## PROMPT:
After locating the line with "そして、全学生・教職員が参加", repeat it and every following line to the end of the listing, exactly. Omit the pictures.

§

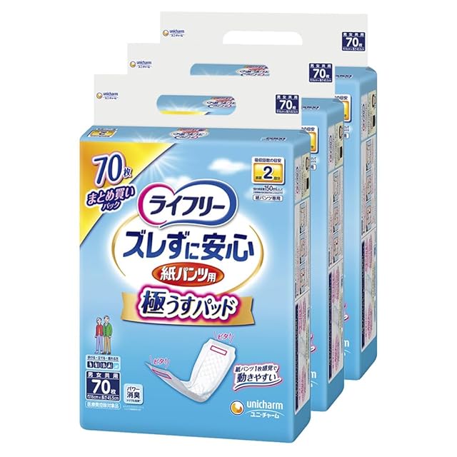 ライフリー パンツ用尿とりパッド ズレずに安心うす型紙パンツ専用 2回吸収 210枚 大人用おむつ 紙パンツ専用パッド(70枚×3) 【ケース品】
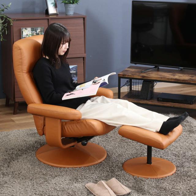 ゆったりくつろげるオットマン付き
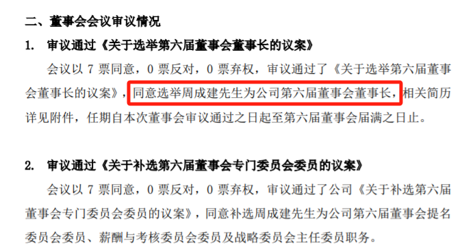 1月22日,美邦服饰董事会审议通过议案,同意选举周成建为公司第六届董事会董事长,并且聘任周成建为公司总裁。
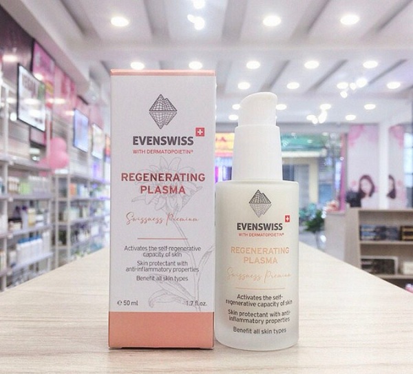 Evenswiss có chứa phức hợp Vitamin A, B5, E, F giúp cải thiện nhanh chóng làn da hư tổn bằng cách phục hồi các tế bào da bị tổn tương, thúc đẩy quá trình tái tạo tế bào da mới để thay vào đó là làn da bóng khỏe. Đặc biệt còn cải thiện thiện tượng chảy xệ trên da, làm mờ nếp nhăn do sản sinh ra lượng collagen thiết yếu để bù vào lượng collagen đã mất trước đó.
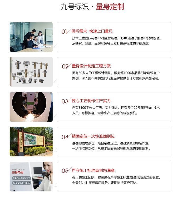 标识标牌是融合规划、建筑、空间、雕塑、逻辑、色、美学、材质组合于-体的产物。它既不是简单的文字,更不是所谓的牌子,它是与环境相融的艺术作品!9号标识从考察调研到规划设计,从生产制作到安装维护,我们从不墨守成规,而是不断创造新的行业规范,确保每个项目从始至终走过 段高标准的历程。
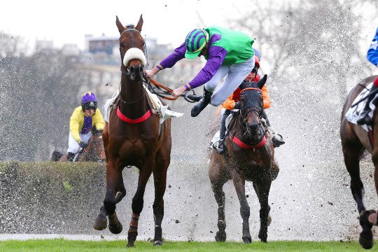 Les dimanches au galop sont de retour à Auteuil. Attention l'obstacle arrive trop vite!
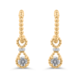 14K Two Tone Gold Diamond Perline Beaded Drop Earrings
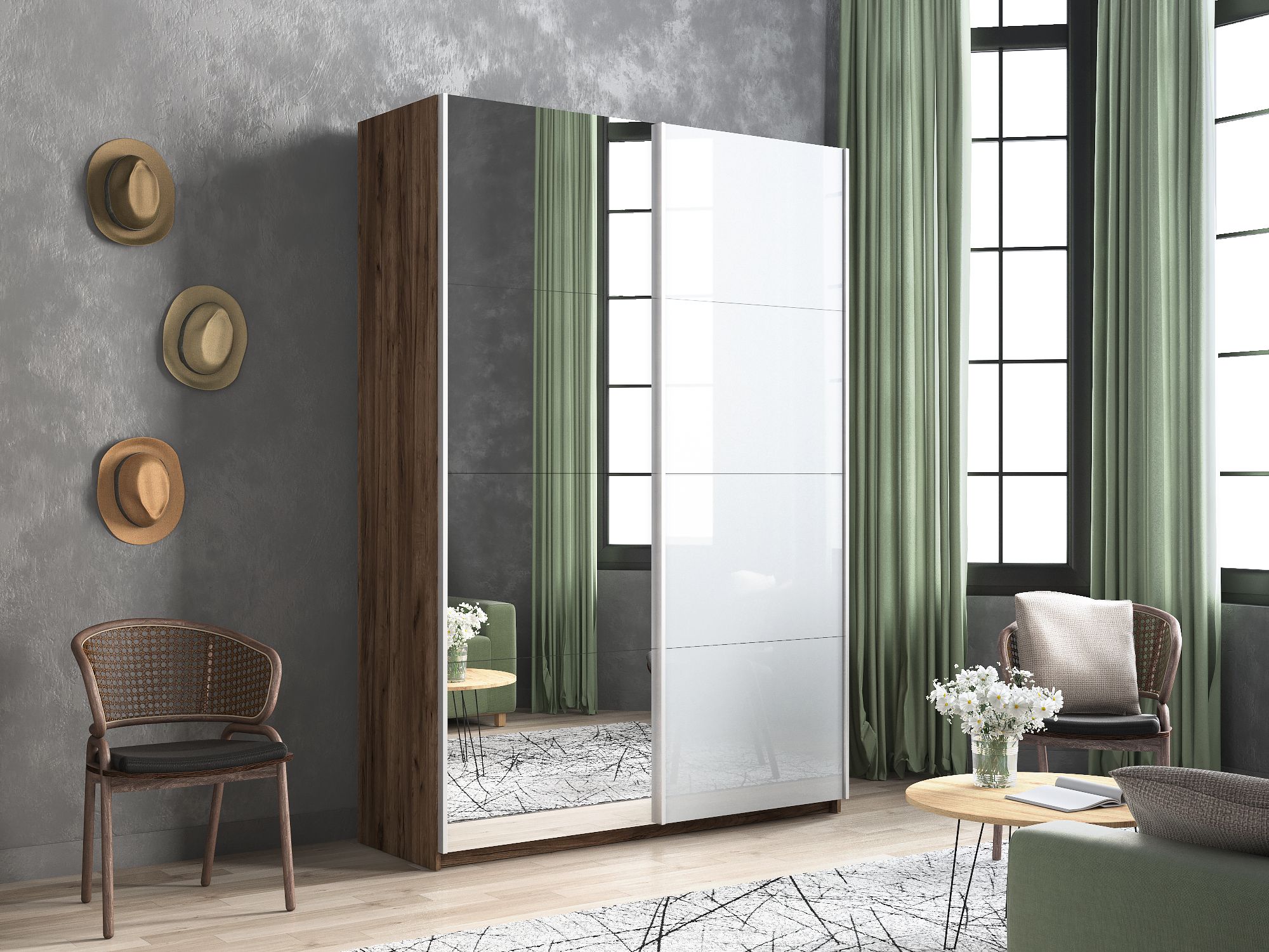 Отзывы о Столплит Шкаф-купе Прайм 2х дверный Зеркало/Белый Глянец 140х57х230 Дуб/крафт/табак
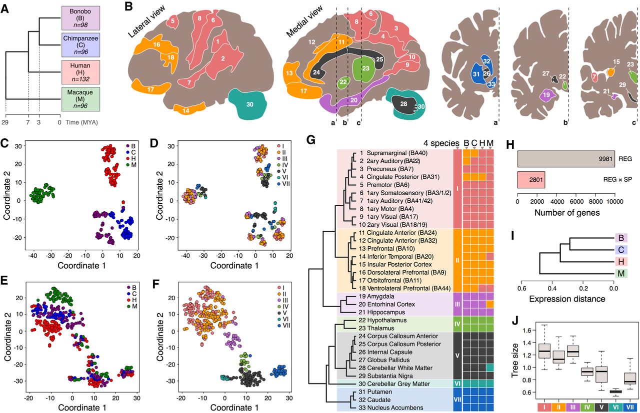 Gene expression variation analysis in 33 brain regions. (A) Phylogenetic relationship among analyzed species. Numbers indicate the number of analyzed brain samples. (B) Anatomical localization of 33 analyzed brain regions within the human brain. Colors represent expression-based regional clusters, defined in G. (C–F) t-SNE plots based on expression variation among all 422 analyzed samples: (C,D) the total variation; (E,F) the residual variation after removal of the average species’ and individual differences. Each circle represents a sample. Circle colors represent species (C,E) or expression-based regional clusters (D,F). (G) Unsupervised hierarchical clustering of brain regions based on the average gene expression values of all 11,176 detected genes in four species. Regions within each species are assigned to the nearest cluster. The clustering based on each individual sample is shown in Supplemental Figure S3. (H) Numbers of genes differentially expressed among brain regions (REG), or among species with a significant dependence on the region (REG × SP) in ANOVA. (I) Average phylogenetic tree reconstructed based on the expression differences identified using ANOVA with species and regions used as factors. The trees reconstructed for each brain region are shown in Supplemental Figure S5. (J) Total branch length calculated for the reconstructed phylogenetic trees for each of the 33 brain regions grouped by expression-based regional clusters I–VII, defined in G.
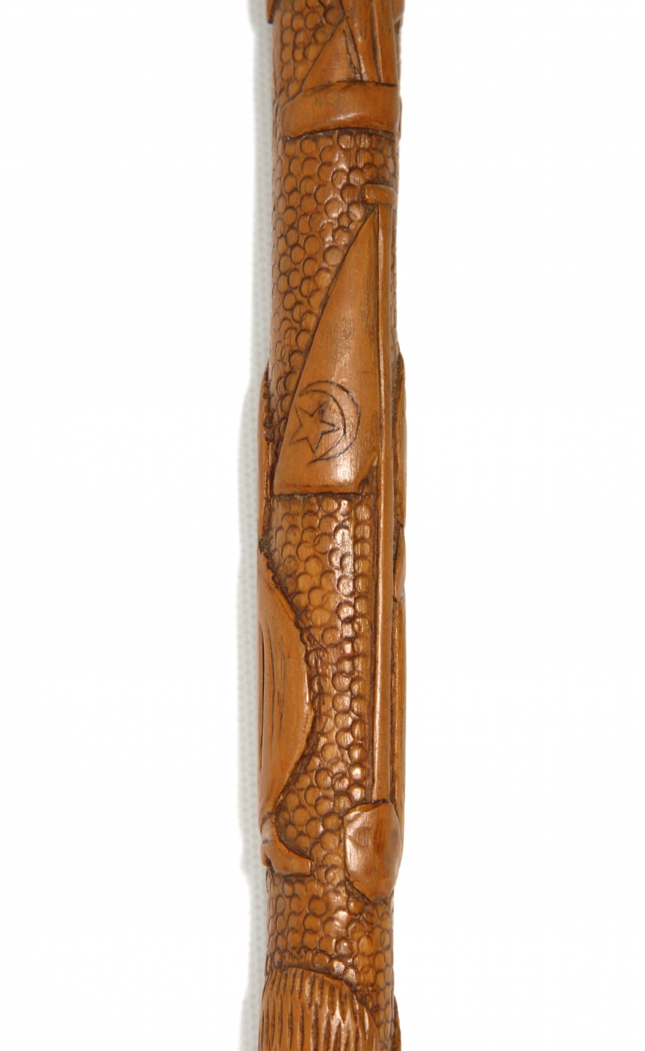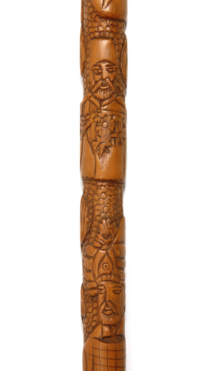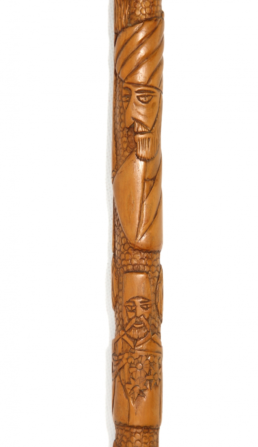 Üzerinde Atatürk, Fatih ve bazı hükümdar tasvirleri oyulmuş erken dönem ahşap baston, 93 cm.
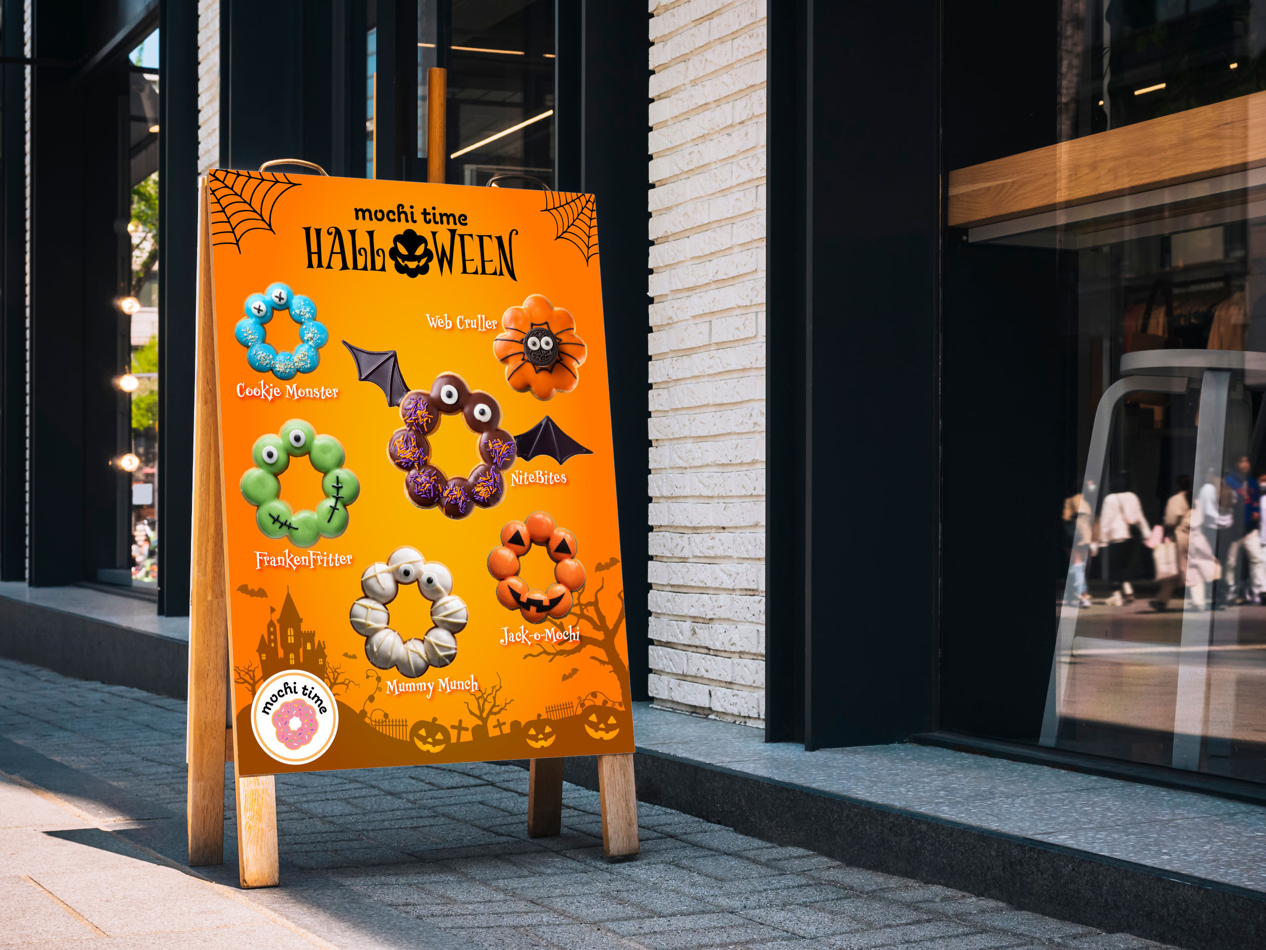 The project began with the creation of six Halloween-themed mochi donut concepts for Mochi Time. Each design was imagined as a playful character with a seasonal twist and a pun-based name that combined Halloween elements with the shape and charm of mochi donuts. These conceptual ideas served as the creative foundation for the visual exploration that followed.
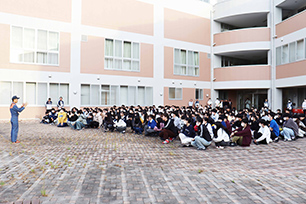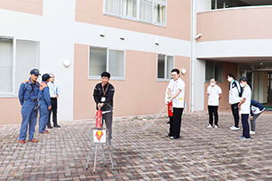 そして、全学生・教職員が参加した避難訓練では、実際の火災発生を想定した初期消火や通報、そして安全かつ迅速な避難に向けた訓練を行い、避難後には八女消防本部の方より講評をいただきました。最後には、教職員が初期消火や避難誘導などについて再確認し、災害時の対応力向上を図りました。今後も、学生の安全を最優先に、防災意識の定着と環境整備に取り組んでまいります。
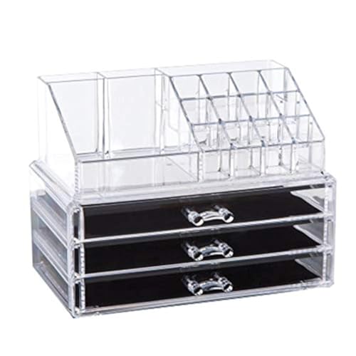 منظم مستحضرات تجميل من الاكريليك الشفاف - وحامل لعرض المكياج - وشنطة تخزين للمجوهرات بها 4 ادراج لاحمر الشفاه واقلام التحديد للفرش
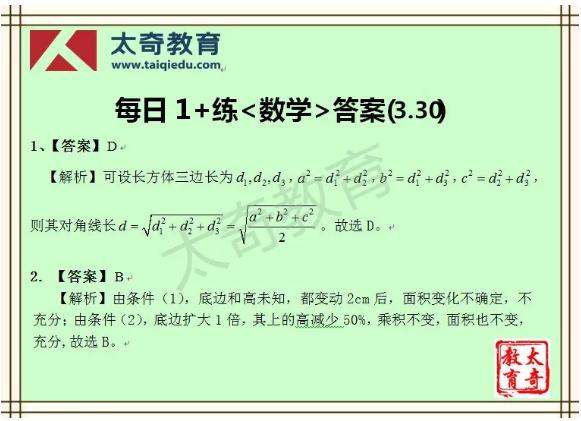 太奇MBA管理類聯(lián)考數(shù)學(xué)每日一練 3-30
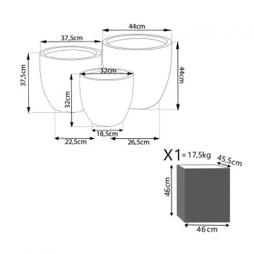 - Dati Tecnici Set di 3 vasi in fibra di sintetica GRIGIA Dimensioni: G.44x44x43,5/M.37,5x37,5x35,5/P.32x32x31,5

§

## EXERCISE ANSWER:
 そして、全学生・教職員が参加した避難訓練では、実際の火災発生を想定した初期消火や通報、そして安全かつ迅速な避難に向けた訓練を行い、避難後には八女消防本部の方より講評をいただきました。最後には、教職員が初期消火や避難誘導などについて再確認し、災害時の対応力向上を図りました。今後も、学生の安全を最優先に、防災意識の定着と環境整備に取り組んでまいります。
 منظم مستحضرات تجميل من الاكريليك الشفاف - وحامل لعرض المكياج - وشنطة تخزين للمجوهرات بها 4 ادراج لاحمر الشفاه واقلام التحديد للفرش
 太奇MBA管理類聯(lián)考數(shù)學(xué)每日一練 3-30
 - Dati Tecnici Set di 3 vasi in fibra di sintetica GRIGIA Dimensioni: G.44x44x43,5/M.37,5x37,5x35,5/P.32x32x31,5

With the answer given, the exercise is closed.